South Africa’s public sector has emerged as a prime target for cybercriminals following a spate of cyber-attacks on state-owned enterprises (SOEs) and government institutions.
Cybersecurity specialists at ESET Southern Africa, say more robust security measures and greater awareness among public sector workers are needed to help close the gaps in cybersecurity.
One of the most significant issues in the public sector is the lack of comprehensive security management. The public sector, and municipalities in particular, remain one of the most unmanaged environments when it comes to cybersecurity.
Although most entities have basic antivirus systems in place, these solutions are inadequate for the scale and complexity of their operations and often miss other critical elements which are necessary for an overarching cybersecurity strategy.
This lack of tailored cybersecurity solutions leaves public sector entities vulnerable to a broad range of threats, which are increasingly complex and sophisticated. From ransomware attacks to data breaches, the consequences of cyber-attacks in within the public sector can be devastating.
The financial and operational impact of cybercrime
The financial toll of cybercrime on South Africa’s public sector is staggering. The Department of Public Works and Infrastructure recently reported that R24 million was stolen in a cyber-attack in May 2024, adding to the R300-million stolen over the past decade.
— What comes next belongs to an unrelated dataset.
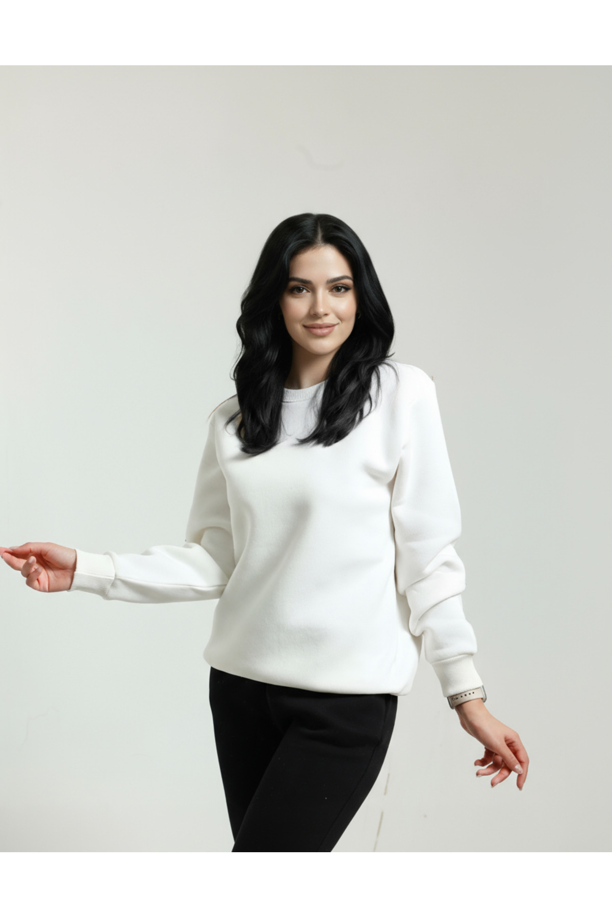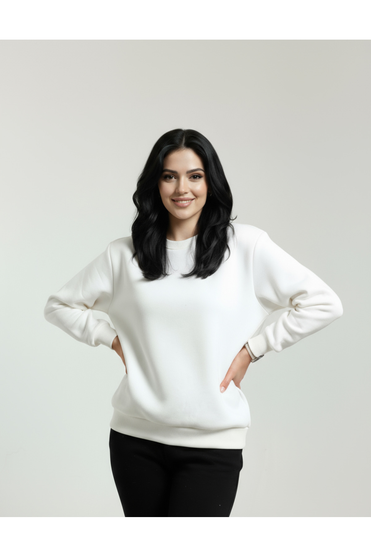 Beyaz Kadın Bisiklet Yaka Sweat Yumuşacık Puf Kumaş Beyaz Kadın Bisiklet Yaka Sweat Yumuşacık Puf Kumaş Bisiklet-yaka-sweat-kadın 2XL

Such incidents are not isolated: the Council for Scientific and Industrial Research estimates that cybercrime costs the South African economy up to R2,2-billion annually.
Beyond financial losses, the operational impact can be just as severe. The 2021 attack on Transnet’s ports caused widespread disruption to critical import and export activities. These incidents don’t just affect the targeted entity. They have far-reaching consequences that can disrupt entire supply chains.
Policy and governance
In response to the growing threat, the South African government has introduced the Directive on Public Service Information Security. Issued under the Public Service Act, 1994, this directive provides much-needed guidance on information security governance for national and provincial departments. However, more needs to be done to enforce these policies and ensure compliance across the public sector.
There’s a need for stronger governance and accountability. Public sector entities should have dedicated security teams, including Security Managers and Chief Security Officers, who can oversee the implementation of cybersecurity measures and ensure that systems are regularly audited for vulnerabilities.
Stealth and sophistication
One of the most concerning aspects of modern cyber-attacks is the ability of hackers to remain undetected within systems for extended periods and use sophisticated tactics to get employees to unwittingly release company payments into the wrong hands.
Hackers can lay dormant in a network for up to 298 days. During this time, they can collect passwords, banking information, and other sensitive data, only to strike when the moment is right.
There are other examples where hackers duplicate the mailbox of a director, convincing personnel to make unauthorised purchases. These relatively low-level breaches can quickly escalate into major financial losses and operational disruptions.
Proactive versus reactive cybersecurity
A proactive defence strategy is extremely important for public sector organisations to stay a step ahead of cyber criminals. This includes implementing advanced technical solutions while fostering a culture of security awareness among employees. Moving away from a reactive mindset towards a more proactive, preventative approach is a step in the right direction.
Cybersecurity is not a one-time solution; rather, it’s an ongoing process that requires vigilance, adaptation, and a willingness to invest in both people and technology.